En base a estas mismas conversaciones he podido identificar cuatro factores transversales y que serán claves en la construcción de esta nueva forma de hacer empresas, y que el mundo emprendedor y empresarial sean actores relevantes y críticos de lo que vendrá.

1. Negocios con impacto en la sociedad:

Lamentablemente se ha generalizado sobre el daño que pueden traer las grandes corporaciones, pero se oculta el impacto positivo que también están generando. No sólo a nivel de creación de nuevos empleos y la recaudación fiscal, sino que cada vez toman más fuerza las empresas con propósito. Este tipo de empresas cree en el cambio de paradigma que está viviendo nuestra economía a nivel mundial y que consiste en reemplazar el principio de la primacía de los accionistas por el principio de la preocupación de los distintos grupos de interés, ya sea la sociedad, el medioambiente, los consumidores, y los accionistas. Por cierto que se busca la maximización de las utilidades para sus accionistas, pero como un resultado de hacer las cosas bien para todos. Se estima que los negocios de las empresas con propósito podrían generar más de US$1 billón sólo en América Latina y el Caribe, y crear hasta 24 millones de nuevos puestos de trabajo en la próxima década. 

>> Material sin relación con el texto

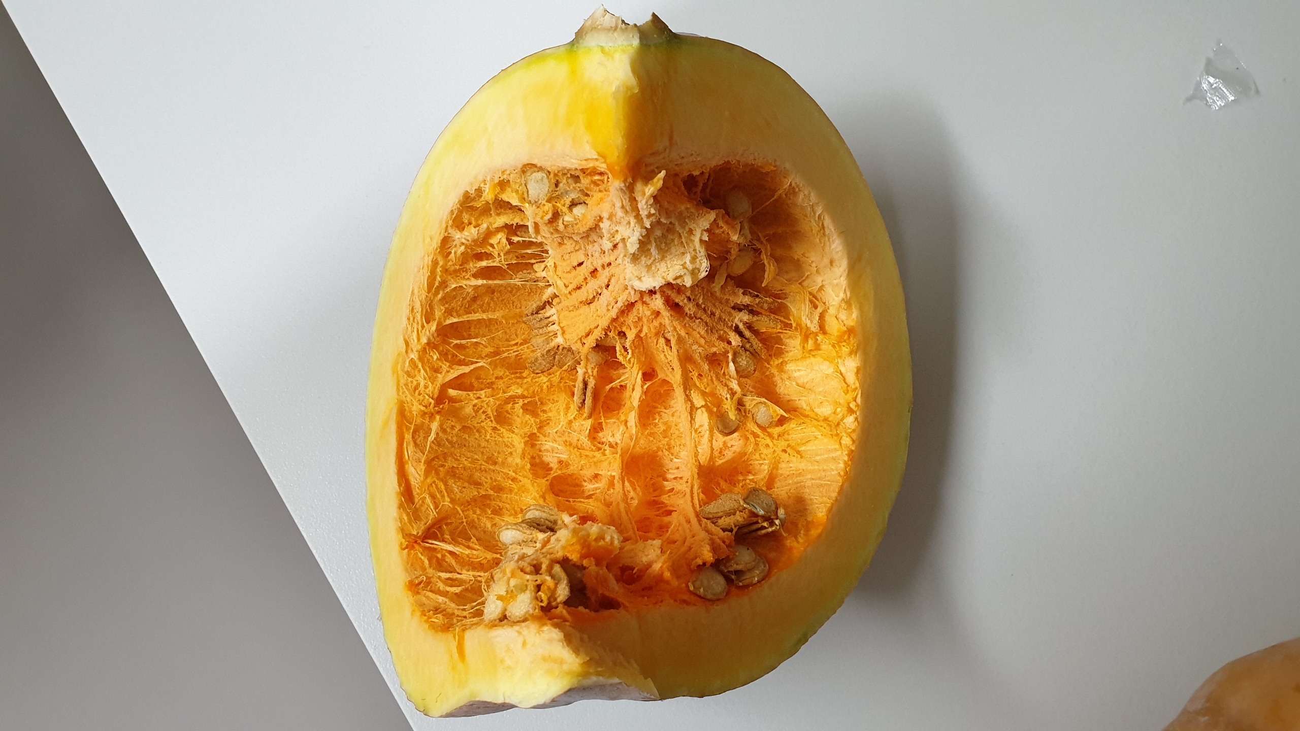 칼로 호박 일부를 잘랐습니다.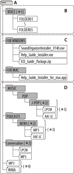 *3 O gravador de IC consegue reconhecer até 8 níveis de pastas transferidas para o gravador de IC.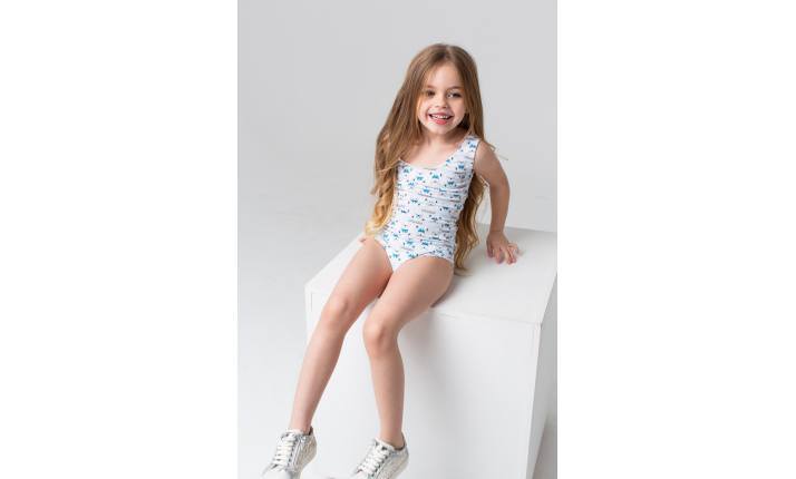 Bañador blanco con perritos blancos con lazo azul, un juego bonito de matices diferentes del blanco, una combinación suave, tallas 3-12 años. Este bañador es simple y irrepetible al mismo tiempo, dará énfasis a la belleza de la niña, su pelo y sus ojos! No tiene desventajas!
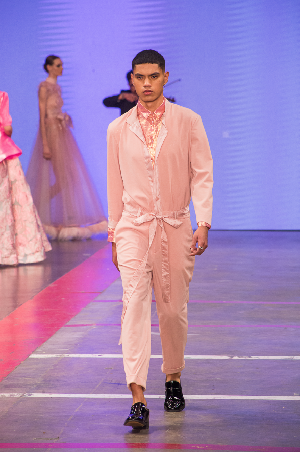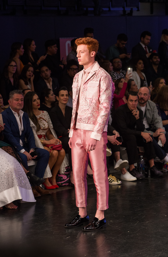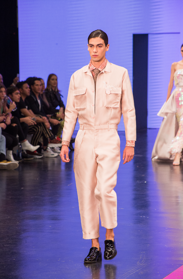 La apuesta más grande de Benito Santos fue el conjunto de diseños para hombre, que bajo la misma línea de elegancia presentó el lado más masculino del rosa.

Diversos estudios norteamericanos muestran que para el 84% de los millennials en EE.UU, el propósito de su trabajo es su máxima prioridad en el ámbito laboral. Además, cuando hay coherencia entre sus principios personales y el propósito de la empresa, la productividad es al menos un 72% mayor. 

De acuerdo a Acción Empresa, uno de cada tres chilenos está dispuesto a pagar un 20% más por un producto sostenible y, de acuerdo a Accenture, el 70% hace compras más respetuosas con el medio ambiente, sostenibles o éticas. Los grandes negocios que desarrollaremos en los próximos años nacerán de los desafíos que estamos viviendo hoy: la crisis hídrica, la desigualdad, la inmigración, la inseguridad o la falta de empleos, y las encargadas a resolver estos temas país son aquellas empresas que busquen el impacto positivo.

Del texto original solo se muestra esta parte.